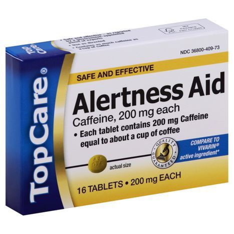 Active Ingredients: In Each Tablet: Caffeine (200 mg). Purpose: Alertness Aid. Inactive Ingredients: Croscarmellose Sodium, D&C Yellow Aluminum Lake, Dicalcium Phosphate, FD&C Yellow 6, Hypromellose, Magnesium Stearate, Microcrystalline Cellulose, Polyethylene Glycol, Silicon Dioxide, Titanium Dioxide.
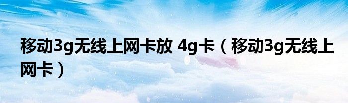 大家好,来宝来为大家解答以下问题,移动3g无线上网卡放 4g卡,移动3g无线上网卡很多人还不知道,今天让我们一起来看看吧!
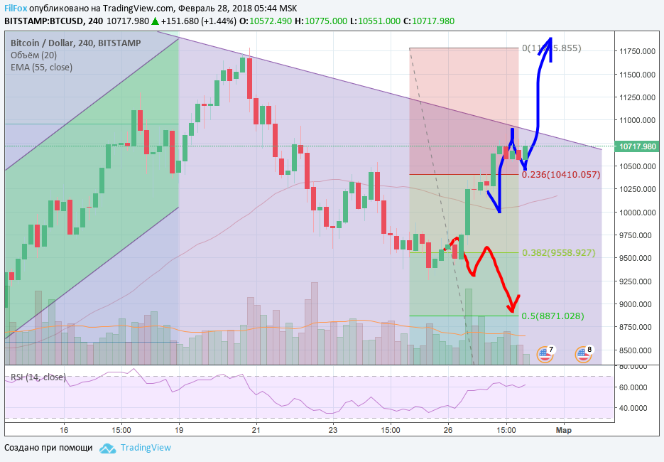 Почти двенадцать часов понадобилось Bitcoin, чтобы преодолеть мощное сопротивление на уровне 23.6% фибо (10 410.00 USD) и ещё двенадцать, чтобы закрепиться над этим уровнем. Цена на Bitcoin сейчас очень близка к тому, чтобы пробить верхнюю границу коридора глобального даун-тренда (фиолетового цвета). Это необходимое, но не достаточное условие, чтобы в ближайшее время, больше не возвращаться к ценам уровня восемь тысяч. Для этого цене ещё предстоит показать уверенный рост, преодолев ключевое сопротивление на уровне 11 800.00 USD. Мы помним, как именно на этом уровне, 20 февраля, некоторые торговые площадки уже «праздновали» двенадцатитысячный уровень цены, а на следующий день разворотная фигура «голова-плечи» посеяла панику среди инвесторов, угрожая глобальным даун-трендом. Пока цена пары BTC/USD не закрепится выше уровня 12 000.00 USD, говорить о том, что опасность сползания цены к уровню, обозначенному красной стрелкой, миновала - нельзя! Потенциал для дальнейшего роста есть, показатель относительной силы RSI находится на отметке 60%, то есть ещё не вошел в зону перекупленности, и сигнализирует о возможностях продолжения положительной динамики рынка.
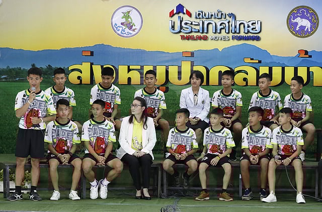 Assistant coach Ekkapol "Coach Ake" Chantapong, spokesperson of 13 Thumluang Co Ltd, said they are grateful for the opportunity to thank the people and organisations from Thailand and around the world who came together to retell their story.
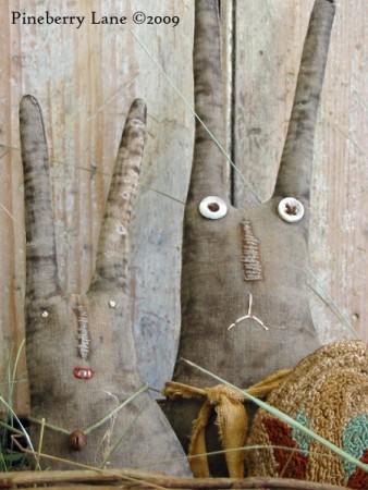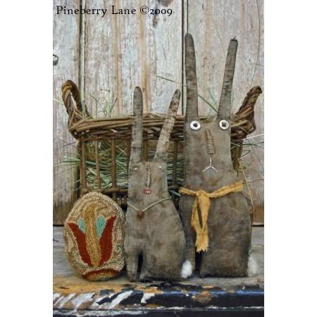 A perfect trio for your Easter or Springtime basket, this pattern includes instructions and templates for the two primitive bunnies and the needle punched egg. Bunnies measure 7.5”h and 9.5”h. Needle punched egg features a Fraktur-style tulip and rich colors ~ 3.5”h.
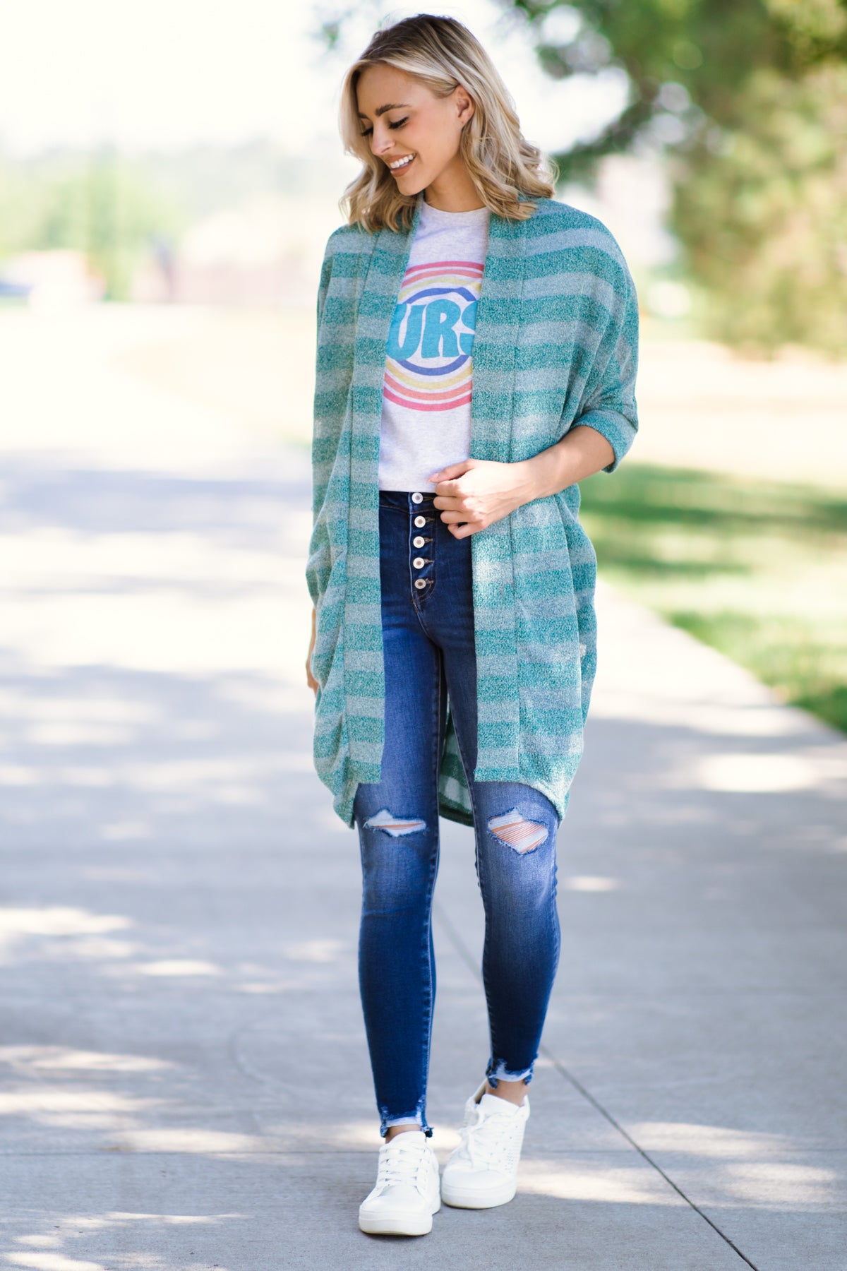 Teal Heathered Stripe Cardigan
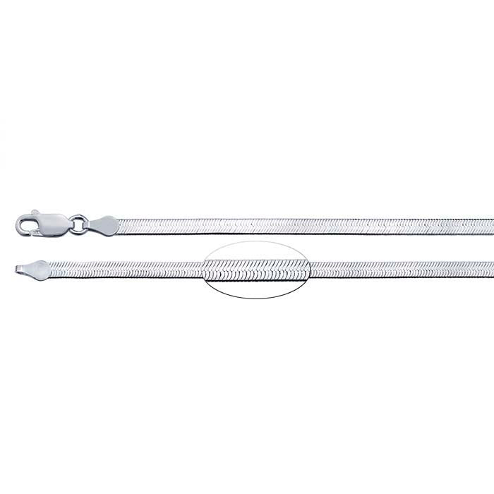 यह स्टर्लिंग सिल्वर हेरिंगबोन चेन एक क्लासिक लुक प्रदान करती है; चेन की चौड़ी, सपाट प्रोफ़ाइल नेकलाइन के ऊपर सपाट रहती है। यह लचीली चेन टिकाऊ, जंग-प्रतिरोधी फिनिश के लिए रोडियम से प्लेटेड है। हेरिंगबोन चेन कई पंक्तियों में V-आकार के लिंक से बनी होती है, जिन्हें इस तरह व्यवस्थित किया जाता है कि प्रत्येक पंक्ति की दिशा उसके बगल की पंक्ति के विपरीत होती है। लिंक सपाट रहते हैं जिससे चेन का प्रोफ़ाइल कम और लचीला दिखता है। इस चेन को मोड़ने से बचाने के लिए सपाट रखें। इस प्रकार की चेन अकेले स्टेटमेंट पीस के रूप में आदर्श है; इसे पेंडेंट के लिए अनुशंसित नहीं किया जाता।
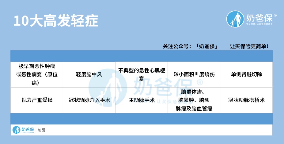 奶爸这里列举了10大高发轻症(如下图):
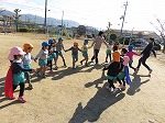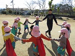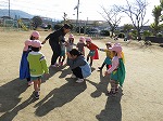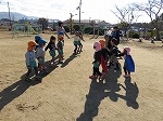 12月に入り、北風が冷たく冬到来です。でも、子どもたちは寒さに負けず元気いっぱい!朝みんなで体操してマラソンを継続して頑張っています。今日は年長ゆり組が「はないちもんめ」をしました。「いれてー」と年中、年少さんのお友だちも仲間入り☆♪「かーってうれしいはないちもんめ」と大きな声が広い園庭に響きました。
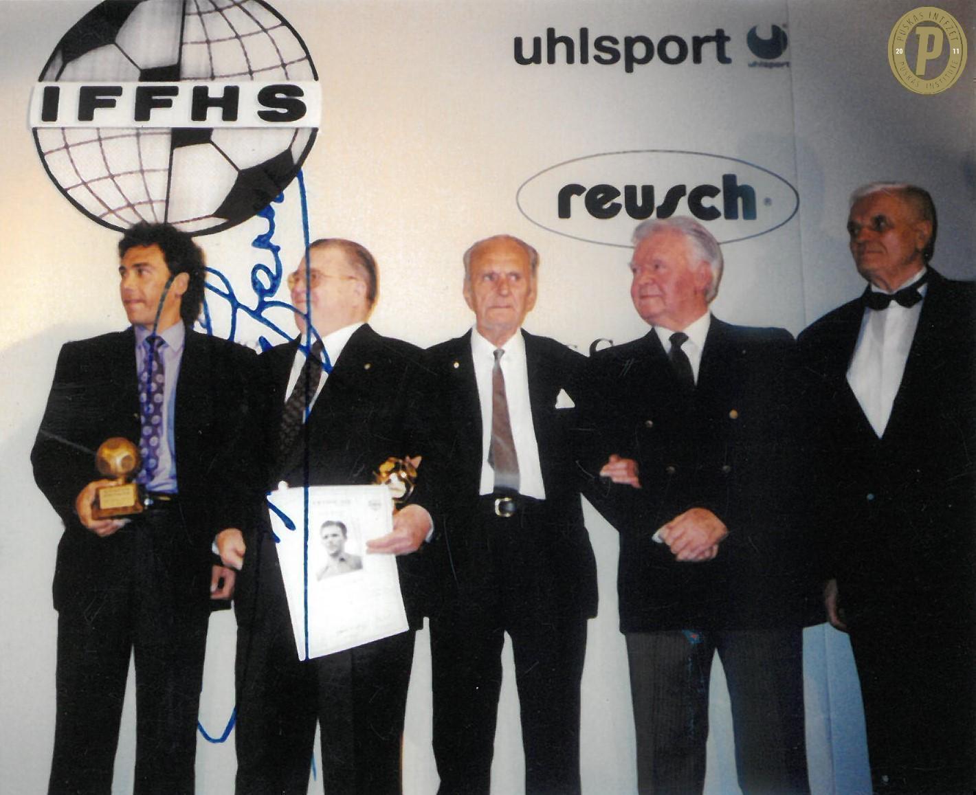 Hugo Sánchez, Puskás Ferenc, Zsengellér Gyula, Szusza Ferenc és Deák „Bamba” Ferenc 1997. január 20-án az IFFHS müncheni gáláján. (Fotó: Puskás Intézet)
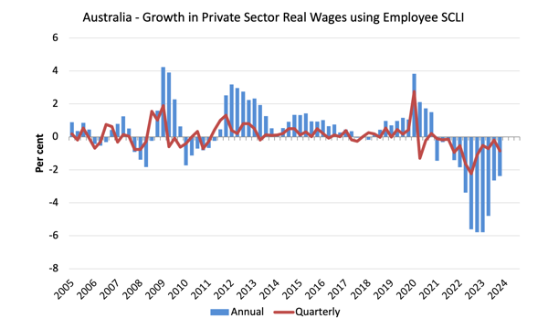 To further reinforce that point, the following graphs use the Employee SLCI measure (first graph) and the CPI (second graph) to show the movement of real wages in the private sector from 2005 to the March-quarter 2023.
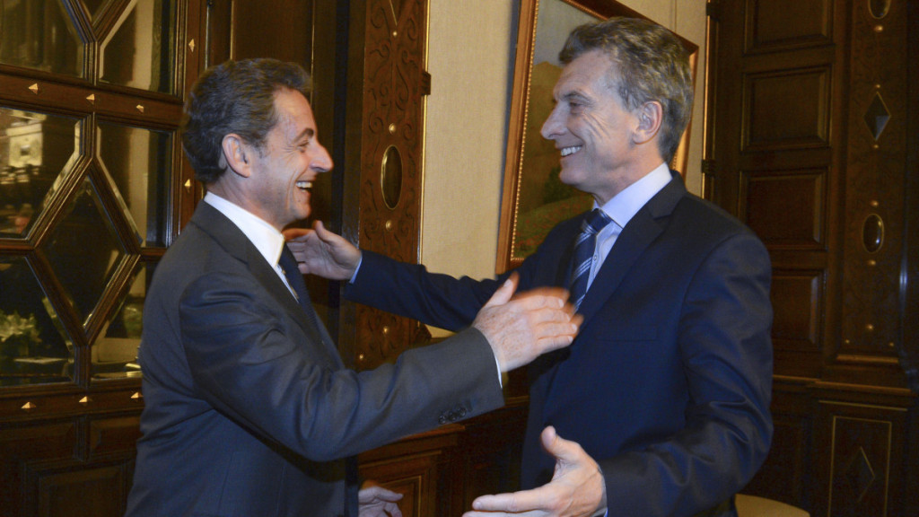 El presidente Mauricio Macri recibió el jueves en la Casa Rosada al exmandatario francés Nicolás Sarkozy, quien el viernes recorrerá la ex Escuela de Mecánica de la Armada (ESMA) y almorzará con el ministro de Hacienda y Finanzas, Alfonso Prat Gay.
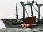 O navio de resgate russo Mikhail Rudnitsky trabalha nas buscas pelo submarino Kursk, em Severomorsk, em 18 de agosto de 2000
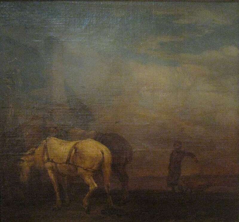 ALBERT JEAN ADOLPHE (AMERICAN 1865-1940) FEEDING THE HORSES
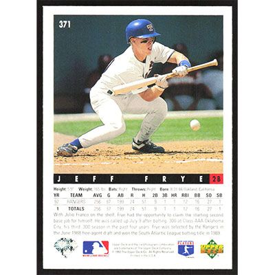 This is a 1993 Upper Deck Jeff Frye baseball card. The card is #371 and pictures show condition.

________________________

_The task_.
Starting with the line above that holds "Hugo Sánchez, Puskás", restate each line word for word up to and including the line that holds "To further reinforce". Drop the pictures.

_The answer_.
 Hugo Sánchez, Puskás Ferenc, Zsengellér Gyula, Szusza Ferenc és Deák „Bamba” Ferenc 1997. január 20-án az IFFHS müncheni gáláján. (Fotó: Puskás Intézet)
 To further reinforce that point, the following graphs use the Employee SLCI measure (first graph) and the CPI (second graph) to show the movement of real wages in the private sector from 2005 to the March-quarter 2023.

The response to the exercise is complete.